> **TASK TO CARRY OUT**:
Set the material down again exactly, line by line, skipping each picture.

> **DATASET EXCERPT**:

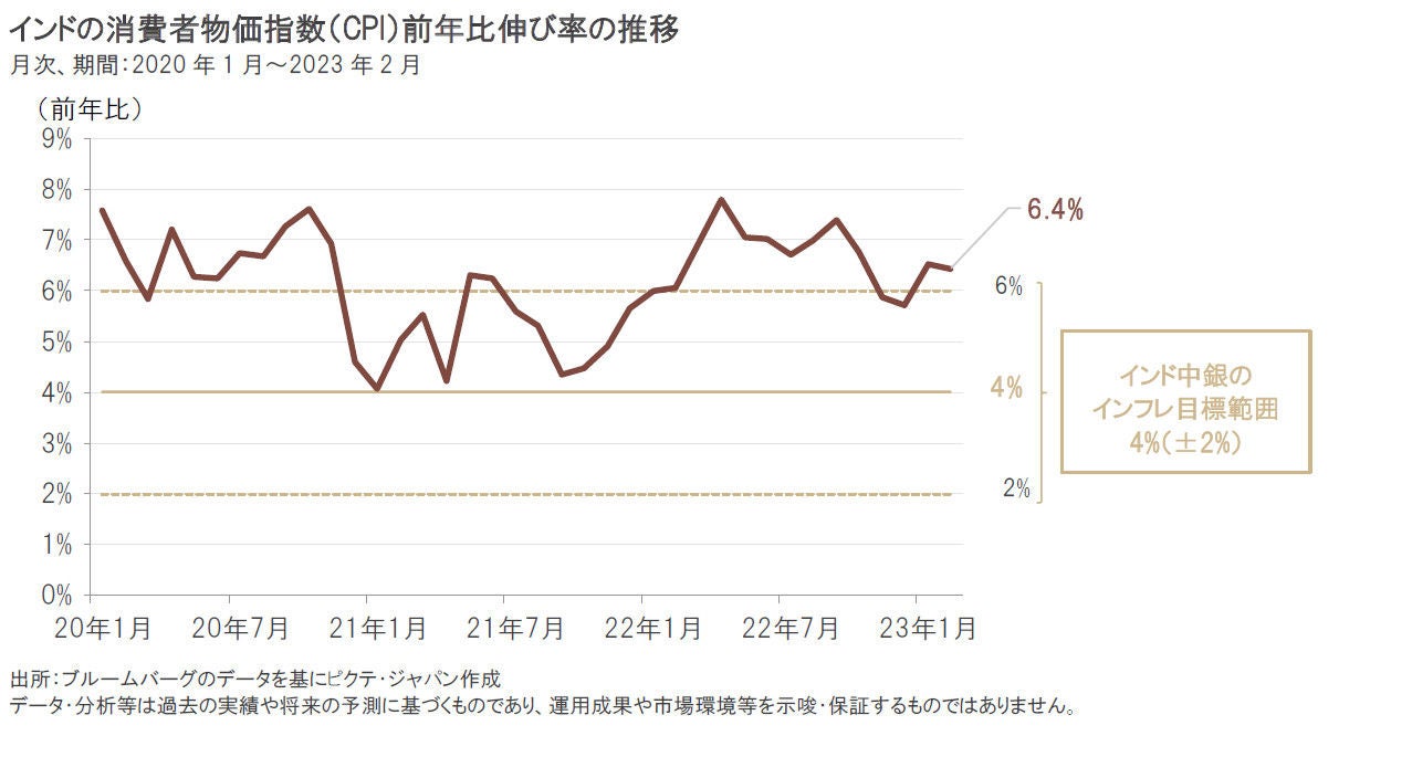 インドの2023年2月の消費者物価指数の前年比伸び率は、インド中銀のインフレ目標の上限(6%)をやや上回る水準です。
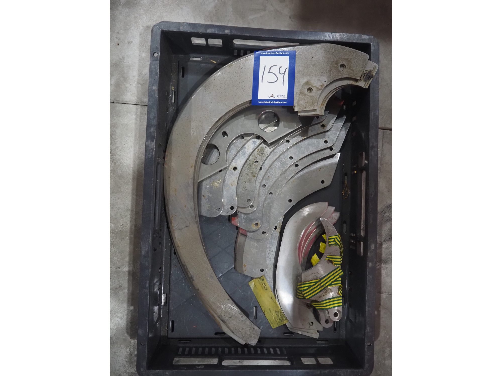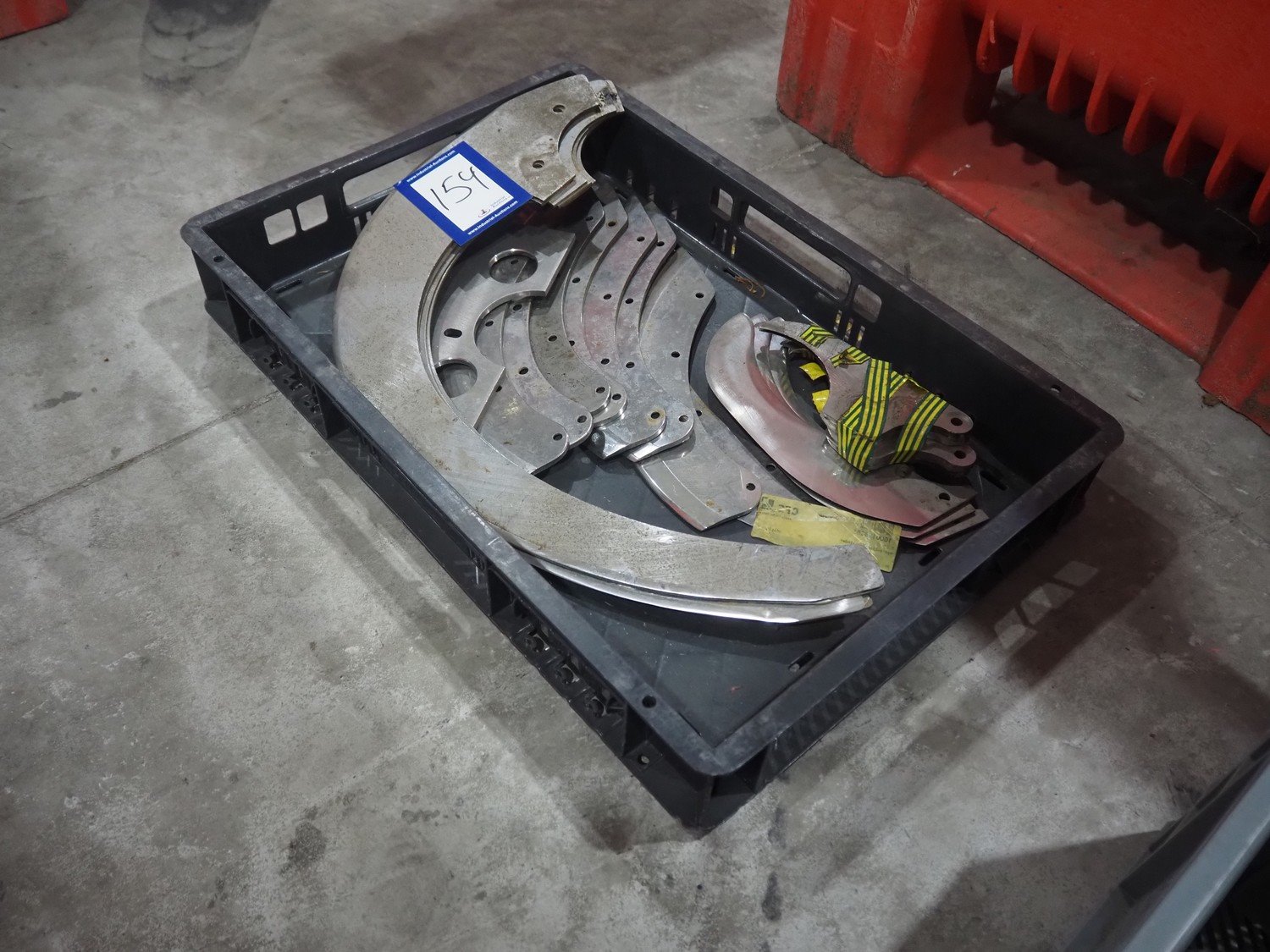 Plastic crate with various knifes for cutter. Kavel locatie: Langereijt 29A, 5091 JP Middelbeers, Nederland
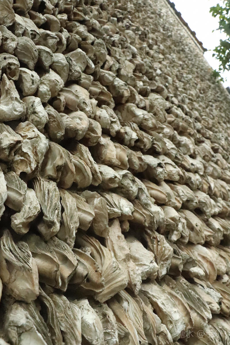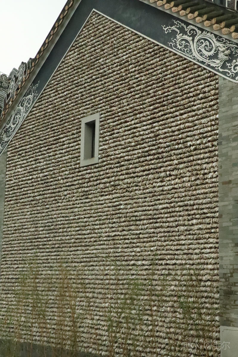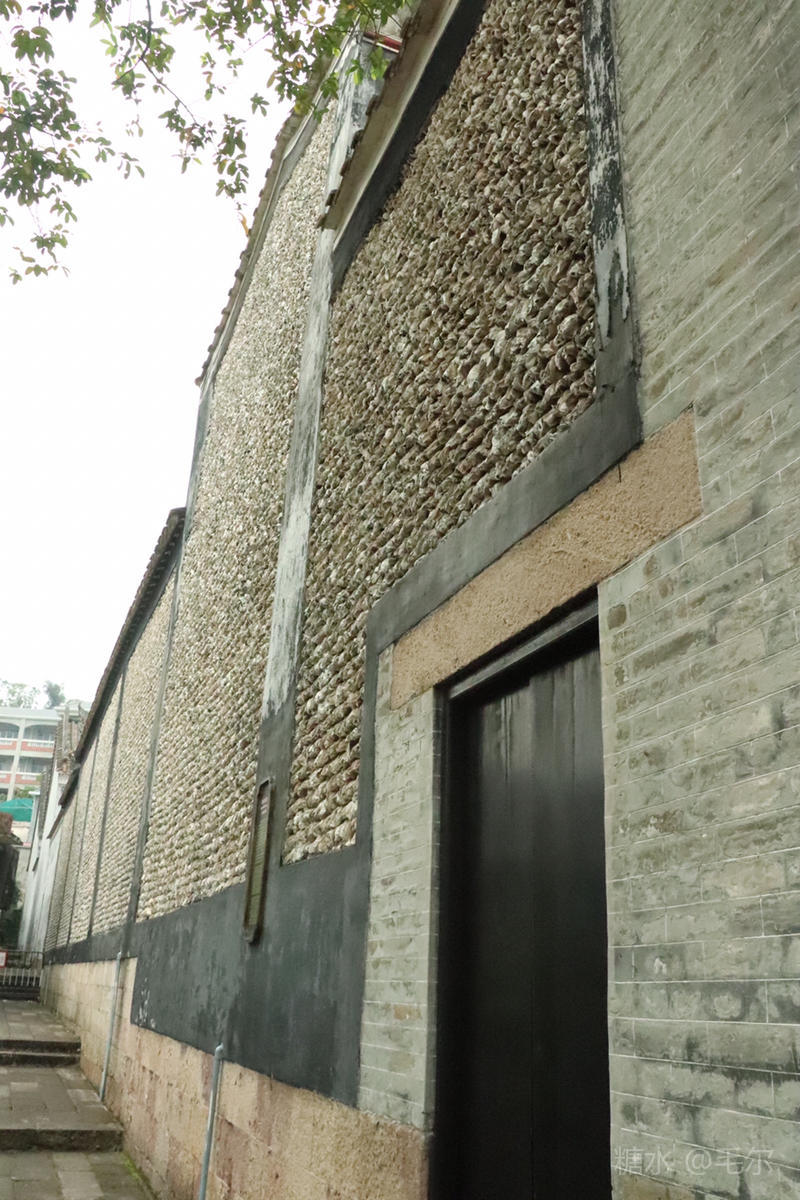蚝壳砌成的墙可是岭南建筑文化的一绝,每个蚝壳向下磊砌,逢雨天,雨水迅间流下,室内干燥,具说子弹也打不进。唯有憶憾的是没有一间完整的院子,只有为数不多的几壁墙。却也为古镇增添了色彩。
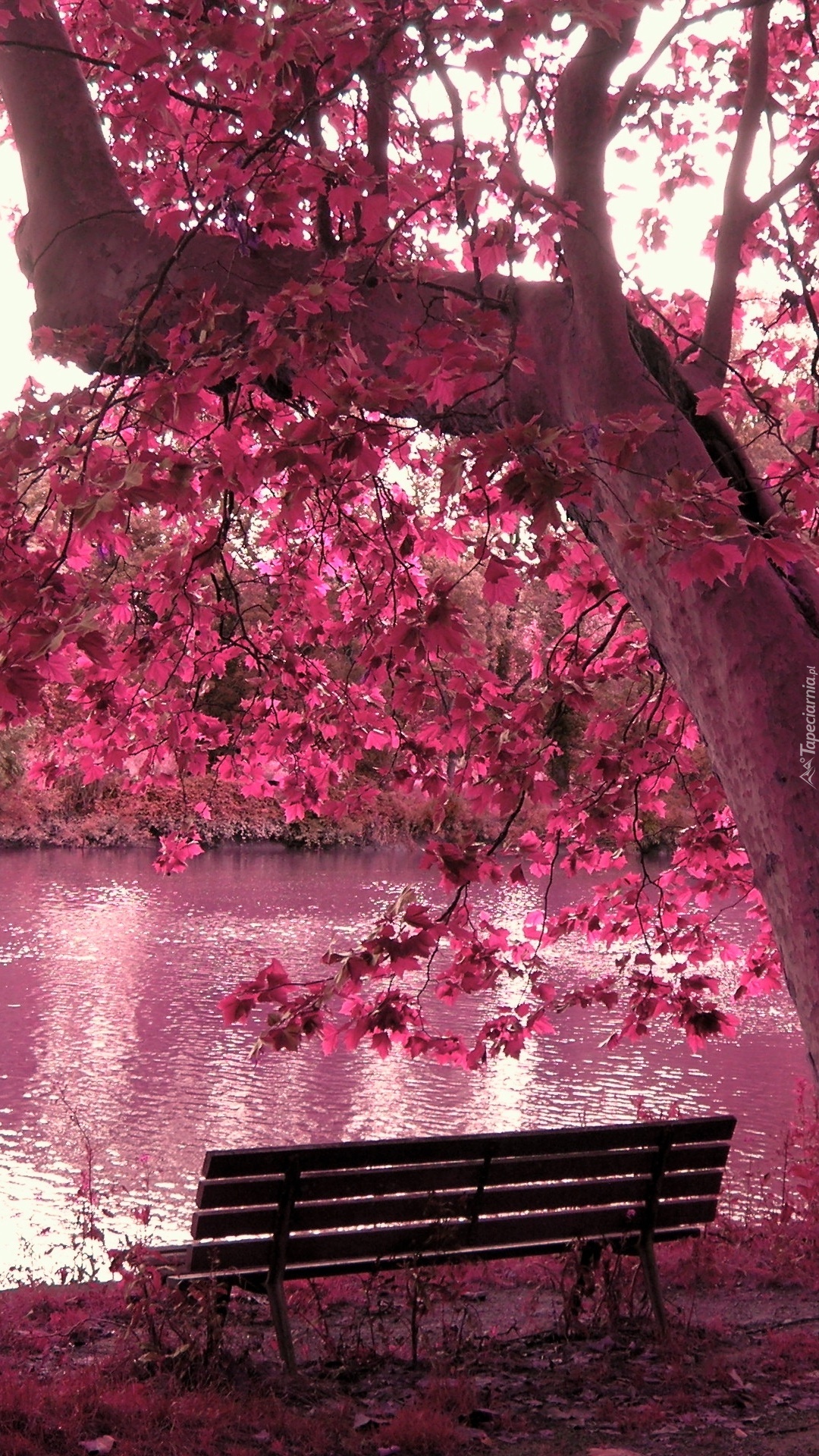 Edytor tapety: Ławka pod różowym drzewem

> **EXERCISE OUTPUT**:
 インドの2023年2月の消費者物価指数の前年比伸び率は、インド中銀のインフレ目標の上限(6%)をやや上回る水準です。
 Plastic crate with various knifes for cutter. Kavel locatie: Langereijt 29A, 5091 JP Middelbeers, Nederland
蚝壳砌成的墙可是岭南建筑文化的一绝,每个蚝壳向下磊砌,逢雨天,雨水迅间流下,室内干燥,具说子弹也打不进。唯有憶憾的是没有一间完整的院子,只有为数不多的几壁墙。却也为古镇增添了色彩。
 Edytor tapety: Ławka pod różowym drzewem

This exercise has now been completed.